Identity description remarks Preserve
R: replication number
B: block size
U: user
G: group
P: the number of permission modifications will not be retained. And when you specify ignore failures, as mentioned in the appendix, this option provides more accurate statistics about copies than the default, and it also keeps logs of failed copy operations, which can be used for debugging. Finally, if a map fails but does not complete all the attempts to chunk, it does not cause the entire job to fail. Log to DistCp logs each attempt to copy each file and logs it as the output of map. If a map fails, the log will not be retained when it is re-executed.
The maximum number of simultaneous copies specifies the number of map when the data is copied. Note that the greater the number of map, the greater the throughput.
Overwrite target if a map fails and is not used if the size of the source and destination is not the same, as mentioned earlier, this is not a "synchronization" operation. The only criterion for performing an overwrite is whether the source and destination files are the same size; if not, the source file replaces the destination file. As mentioned below, it also changes the semantics of the generation target path, and users should be careful when using it. Use as a source file list which is equivalent to listing all file names on the command line. The urilist_uri list should be a complete legal URI.
Update and overwrite
Here are some examples of-update and-overwrite. Consider a copy from / foo/an and / foo/b to / bar/foo, and the source paths include:
Hdfs://master1:8020/foo/a
Hdfs://master1:8020/foo/a/aa
Hdfs://master1:8020/foo/a/ab
Hdfs://master1:8020/foo/b
Hdfs://master1:8020/foo/b/ba
Hdfs://master1:8020/foo/b/ab
If the-update or-overwrite options are not set, both sources are mapped to / bar/foo/ab on the target side. If these two options are set, the contents of each source directory are compared with those of the destination directory. Distcp terminates the operation and exits when it encounters such a conflict.
By default, both the / bar/foo/an and / bar/foo/b directories are created, so there are no conflicts.
Now consider an operation that is legal using-update:
Distcp-update hdfs://master1:8020/foo/a\
Hdfs://master1:8020/foo/b\
Hdfs://master2:8020/bar
Where source path / size:
Hdfs://master1:8020/foo/a
Hdfs://master1:8020/foo/a/aa 32
Hdfs://master1:8020/foo/a/ab 32
Hdfs://master1:8020/foo/b
Hdfs://master1:8020/foo/b/ba 64
Hdfs://master1:8020/foo/b/bb 32
And destination path / size:
Hdfs://master2:8020/bar
Hdfs://master2:8020/bar/aa 32
Hdfs://master2:8020/bar/ba 32
Hdfs://master2:8020/bar/bb 64
Will result in:
Hdfs://master2:8020/bar
Hdfs://master2:8020/bar/aa 32
Hdfs://master2:8020/bar/ab 32
Hdfs://master2:8020/bar/ba 64
Hdfs://master2:8020/bar/bb 32
Only the aa file for master2 is not overwritten. If the-overwrite option is specified, all files are overwritten.
No. of Appendix Map
Distcp will try to evenly divide the content that needs to be copied so that each map copy is about the same size. However, because files are the smallest copy granularity, increasing the number of simultaneous copies (such as map) does not necessarily increase the number of actual simultaneous copies and the total throughput.
If the-m option is not used, distcp attempts to specify the number of map as min (total_bytes / bytes.per.map, 20 * num_task_trackers) when scheduling work, where bytes.per.map defaults to 256MB.
It is recommended that for jobs that run for a long time or run regularly, adjust the number of map according to the size of the source and destination cluster, the number of copies, and the bandwidth.

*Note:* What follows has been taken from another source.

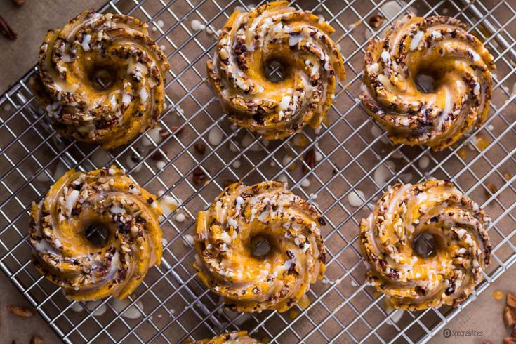 Mini Pumpkin Pecan Cakes are delicious mini bundt cakes and spongy doughnuts packed with crunchy pecan bites and a wonderfully sweet orange glaze. They make the perfect dessert or a glorious morning breakfast that you will want to make and eat all year round.

Hadoop distcp-Ddistcp.bytes.per.map=1073741824-Ddfs.client.socket-timeout=240000000-Dipc.client.connect.timeout=40000000-I-update hdfs://master1:8020/foo/a hdfs://master1:8020/foo/b hdfs://master2:8020/bar/foo
Copies between different HDFS versions
For copies between different Hadoop versions, users should use HftpFileSystem. This is a read-only file system, so distcp must run on the target cluster (more specifically, on a TaskTracker that can be written to the target cluster). The format of the source is h ftp:/// (the default dfs.http.address is: 50070).
Map/Reduce and side effects
As mentioned earlier, when map fails to copy the input file, it will have some side effects.
Unless-I is used, the log generated by the task will be replaced by a new attempt.
Unless-overwrite is used, the file will be marked as "ignored" when the copy is performed again after it was successfully copied by the previous map.
If map fails mapred.map.max.attempts times, the remaining map tasks are terminated (unless-I is used).
If mapred.speculative.execution is set to final and true, the result of the copy is undefined.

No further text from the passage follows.